_Task item_. Print every entry below exactly, leaving out the pictures.

══════════════════════════════

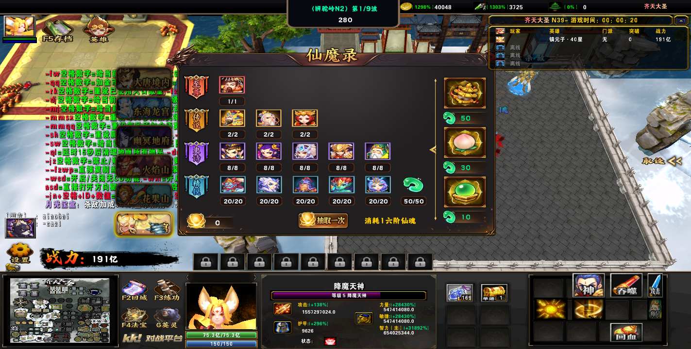 齐天大圣1.0.280地图下载+全商城特权+全存档+隐藏英雄+无CD+指令功能:
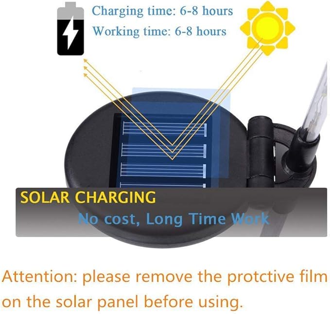 - SOLAR POWERED: This garden solar outdoor light used with a solar panel, powered by a solar battery charging system that supports 6 hours operations after fully charged. Auto Turn on/off
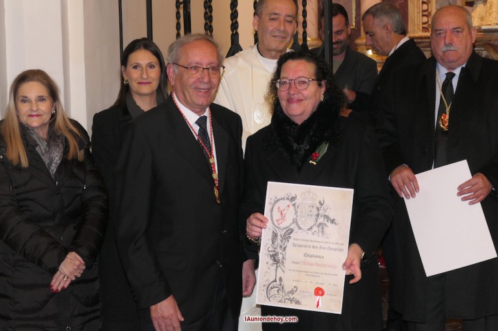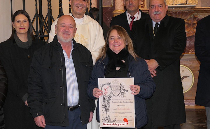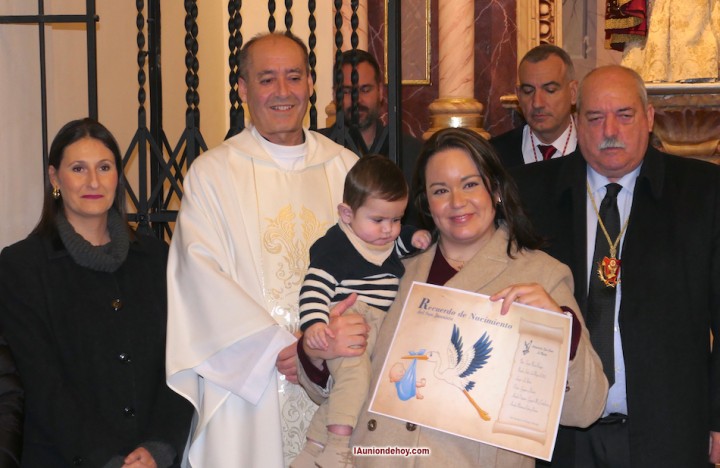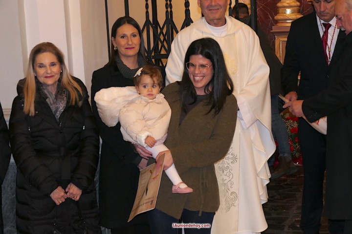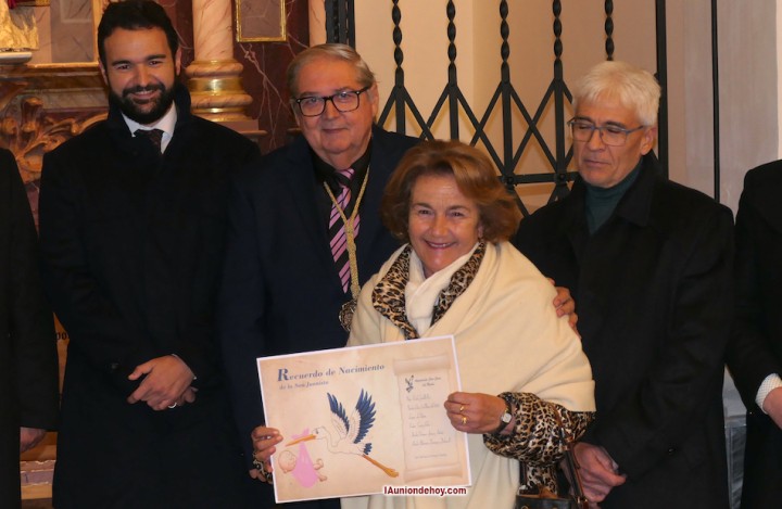 Cinco bebés, todos hijos de sanjuanistas, recibieron los diplomas acreditativos de su ingreso en una agrupación que aglutina a más de cien procesionistas. Ellos fueron Paula Gordillo Ros, Sara Jiménez Campos, Martina Guerrero Campos, Sergio Marco Rosique y Andrés Lorente Campos.
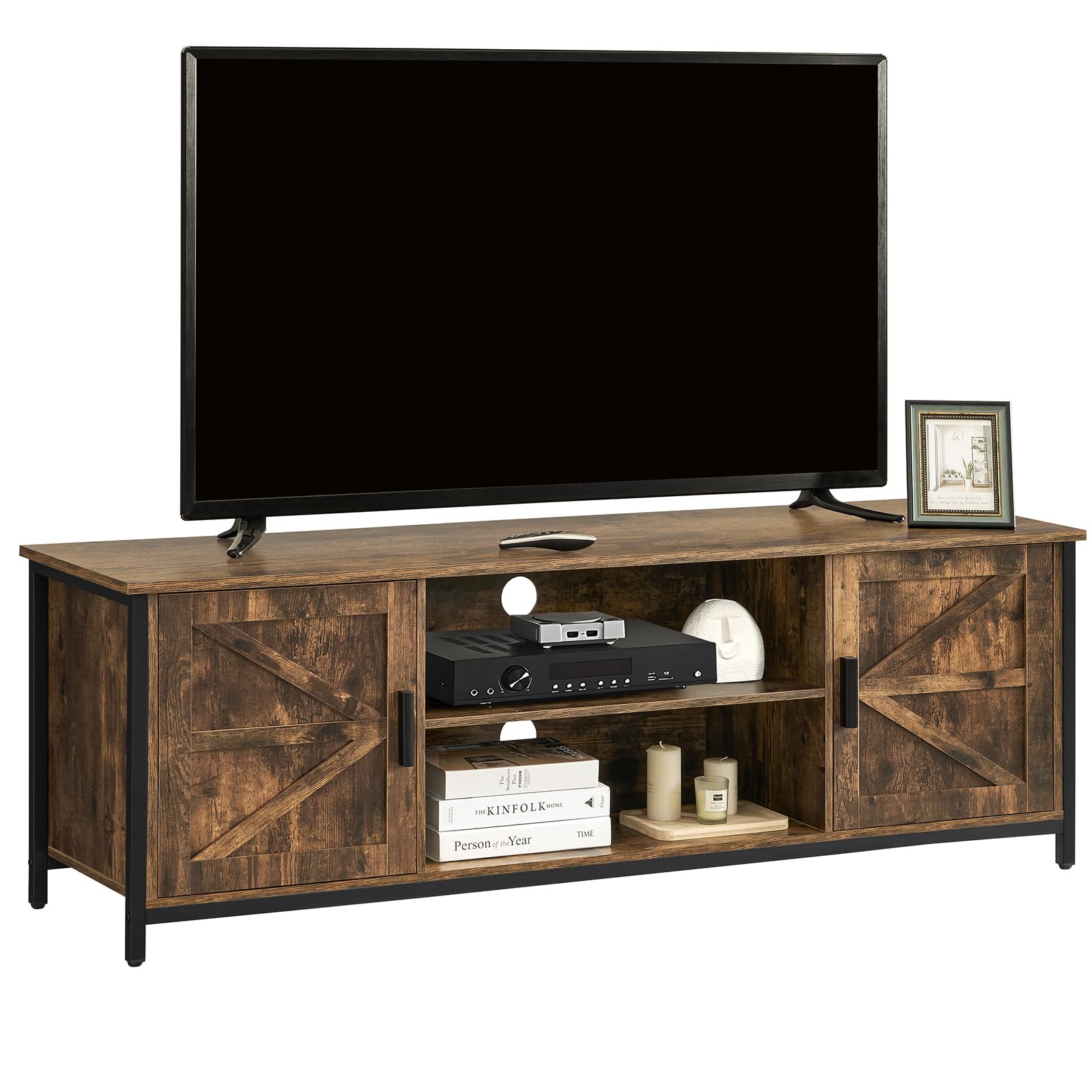 - The popular 59-inch tv stand size is suitable for the most common 65-inch large TV on the market. The rustic brown farmhouse barn door cabinet, as the entertainment center of your living room, is definitely practical and eye-catching!Built for long-lasting use, the outer frame is reinforced with a metal frame to ensure stability and strength when installed properly. Crafted from P2 particle wood, this material is durable, light-weight and easy to maintain. It's sure to last you a long time without compromising on its quality.
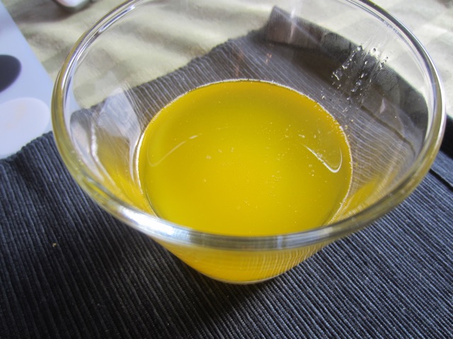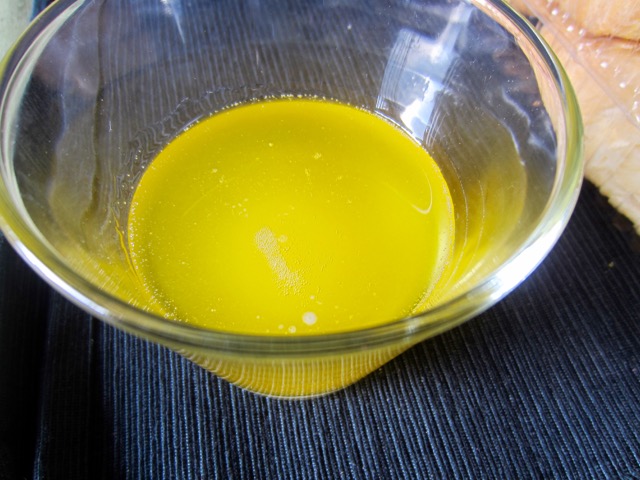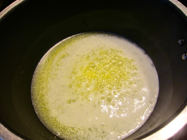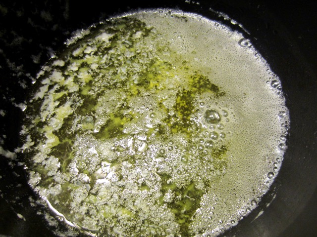 • Let the butter cook for another 3 minutes, also making sure that it does not brown. Turn off the heat. Set aside for 30 minutes, then strain through a fine mesh or cheese cloth. This should clear all the solids
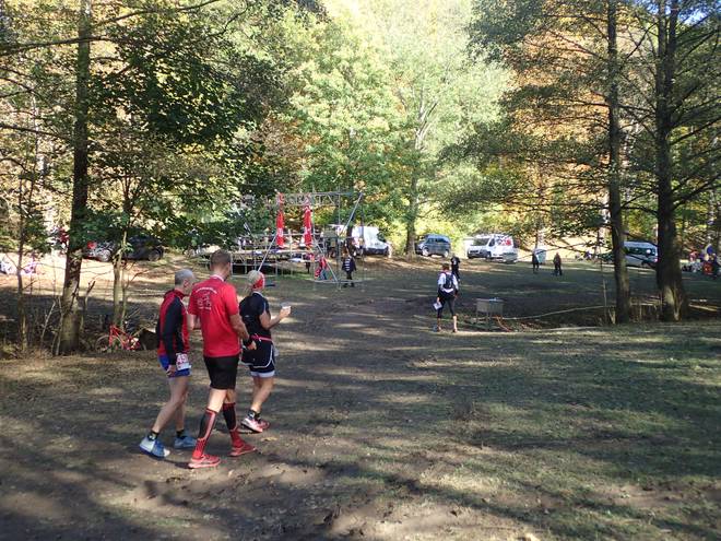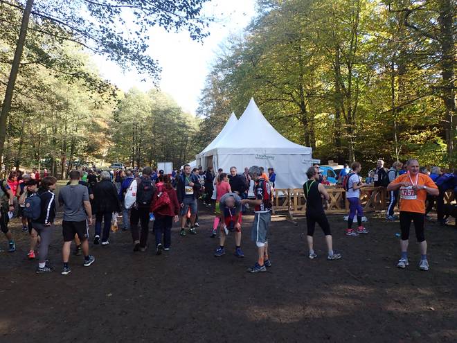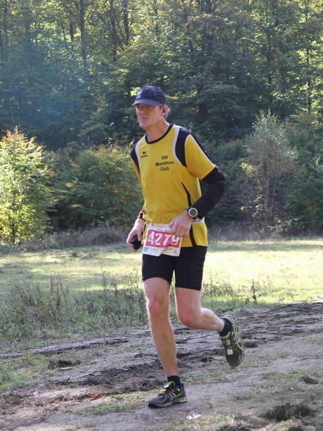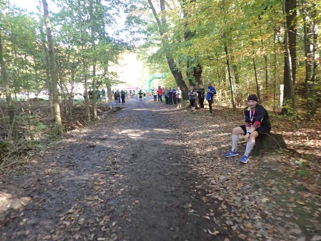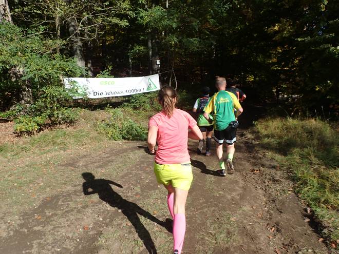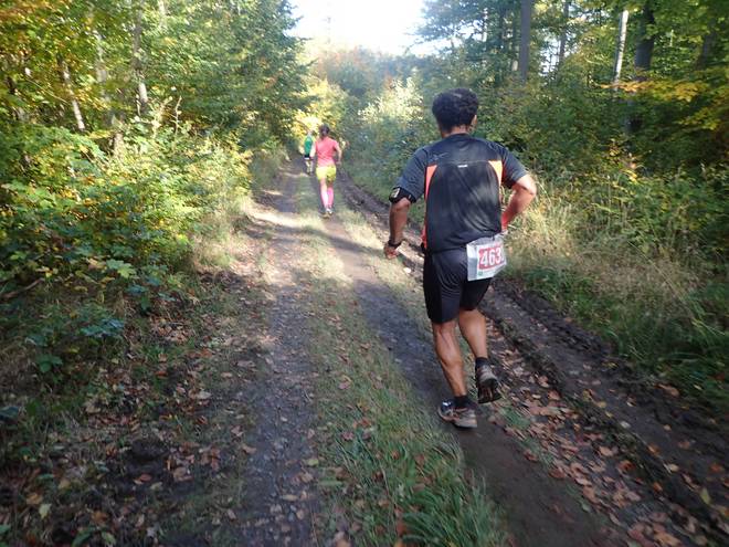 Kuhborn 13.50 Uhr / Km 41,3 Nun rannte auch ich wie ein Bekloppter über den schmalen und teilweise rutschigen Weg. Es machte einfach Spaß. |
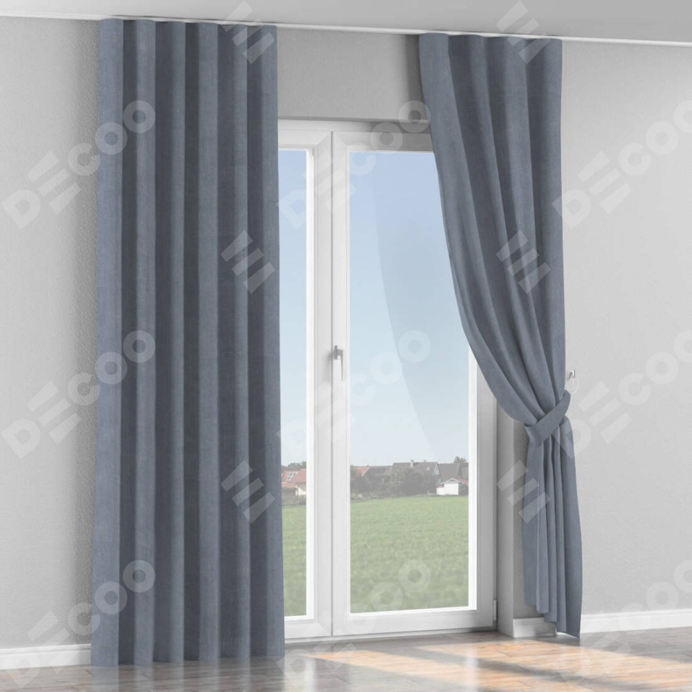 Комплект прямых штор, от производителя «Cortin», пошиты из ткани канвас васильковый, артикул ткани v-203. С изнаночной стороны в верхней части штор пристрачивается шторная лента с декоративными складками «Волна». Для создания элегантных складок прямые шторы шьются по стандарту с коэффициентом 1:2 (на 100 см. ширины проёма 200 см. ширины ткани).
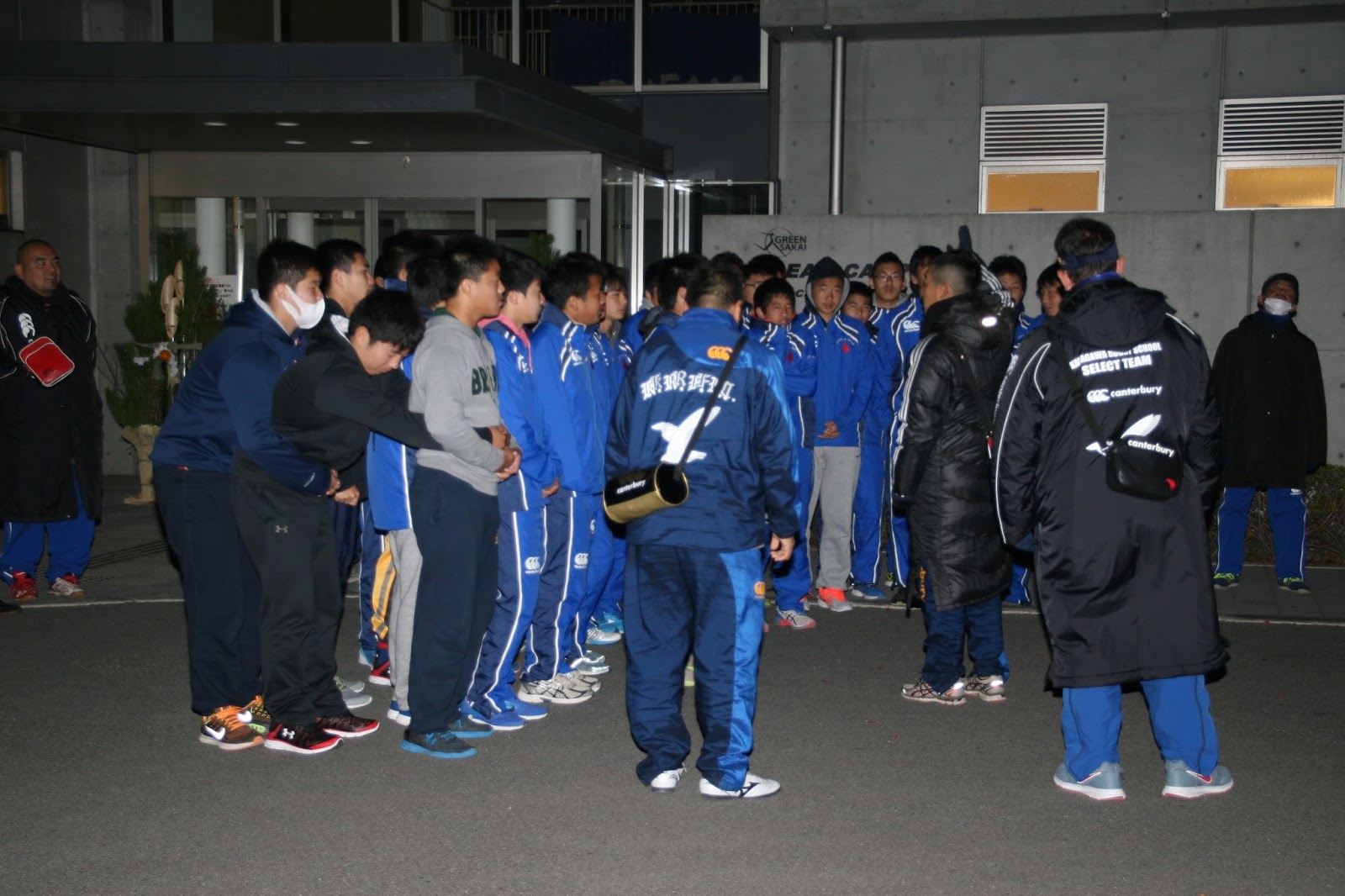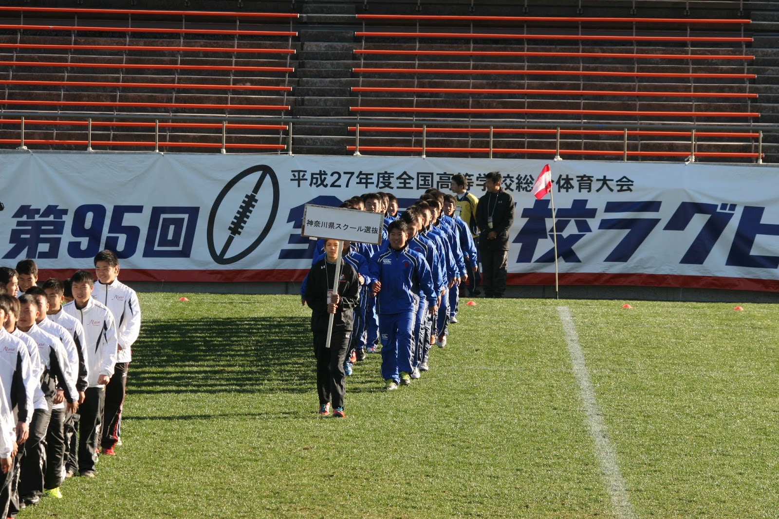 朝食の後は試合会場の花園ラグビー場までバス移動し、開会式に臨みました。
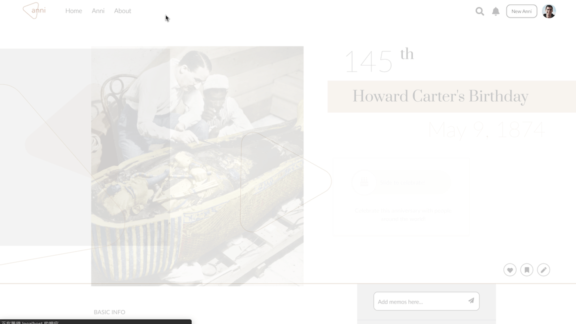 On the homepage, a slideshow is showing the most popular anniversaries. Below are popular and upcoming anniversaries where user can get quick access to. The “Popular on Anni“ module also shows numbers of comments, likes, and bookmarks, as well as most popular comments.
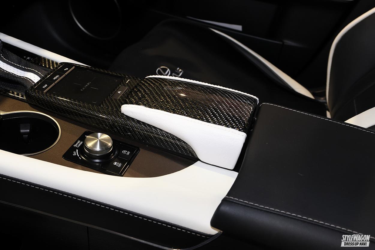 60ハリアーを前期後期乗り継ぎ、このRXに乗り換えたJun工房さん。想像がつくと思うが前車もだいぶイジッていて……。このRXはバランス良い仕上がりが特徴だが、とりわけ内装に注目したい! リアルカーボンでカスタムされているのだが、パネル類のカーボンは、なんと自作なのだという!! 生地を貼って、樹脂を乗せていく、プロと同じプロセスで製作していったのだ。車内を見せてもらうと、確かに深みのある織り目はリアルカーボンならでは。ここまでできるなら、確かにDIYでやってしまうかも! 「自分でできるコトは自分で」コレがオーナーのポリシーだ。
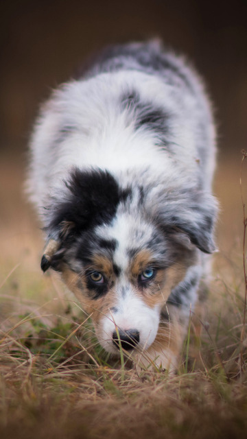 Назад к обои осень, лес, собака, щенок, прогулка, пятнистый, Австралийская овчарка, былинка

══════════════════════════════

_Task result_.
 齐天大圣1.0.280地图下载+全商城特权+全存档+隐藏英雄+无CD+指令功能:
 - SOLAR POWERED: This garden solar outdoor light used with a solar panel, powered by a solar battery charging system that supports 6 hours operations after fully charged. Auto Turn on/off
 Cinco bebés, todos hijos de sanjuanistas, recibieron los diplomas acreditativos de su ingreso en una agrupación que aglutina a más de cien procesionistas. Ellos fueron Paula Gordillo Ros, Sara Jiménez Campos, Martina Guerrero Campos, Sergio Marco Rosique y Andrés Lorente Campos.
 - The popular 59-inch tv stand size is suitable for the most common 65-inch large TV on the market. The rustic brown farmhouse barn door cabinet, as the entertainment center of your living room, is definitely practical and eye-catching!Built for long-lasting use, the outer frame is reinforced with a metal frame to ensure stability and strength when installed properly. Crafted from P2 particle wood, this material is durable, light-weight and easy to maintain. It's sure to last you a long time without compromising on its quality.
 • Let the butter cook for another 3 minutes, also making sure that it does not brown. Turn off the heat. Set aside for 30 minutes, then strain through a fine mesh or cheese cloth. This should clear all the solids
 Kuhborn 13.50 Uhr / Km 41,3 Nun rannte auch ich wie ein Bekloppter über den schmalen und teilweise rutschigen Weg. Es machte einfach Spaß. |
 Комплект прямых штор, от производителя «Cortin», пошиты из ткани канвас васильковый, артикул ткани v-203. С изнаночной стороны в верхней части штор пристрачивается шторная лента с декоративными складками «Волна». Для создания элегантных складок прямые шторы шьются по стандарту с коэффициентом 1:2 (на 100 см. ширины проёма 200 см. ширины ткани).
 朝食の後は試合会場の花園ラグビー場までバス移動し、開会式に臨みました。
 On the homepage, a slideshow is showing the most popular anniversaries. Below are popular and upcoming anniversaries where user can get quick access to. The “Popular on Anni“ module also shows numbers of comments, likes, and bookmarks, as well as most popular comments.
 60ハリアーを前期後期乗り継ぎ、このRXに乗り換えたJun工房さん。想像がつくと思うが前車もだいぶイジッていて……。このRXはバランス良い仕上がりが特徴だが、とりわけ内装に注目したい! リアルカーボンでカスタムされているのだが、パネル類のカーボンは、なんと自作なのだという!! 生地を貼って、樹脂を乗せていく、プロと同じプロセスで製作していったのだ。車内を見せてもらうと、確かに深みのある織り目はリアルカーボンならでは。ここまでできるなら、確かにDIYでやってしまうかも! 「自分でできるコトは自分で」コレがオーナーのポリシーだ。
 Назад к обои осень, лес, собака, щенок, прогулка, пятнистый, Австралийская овчарка, былинка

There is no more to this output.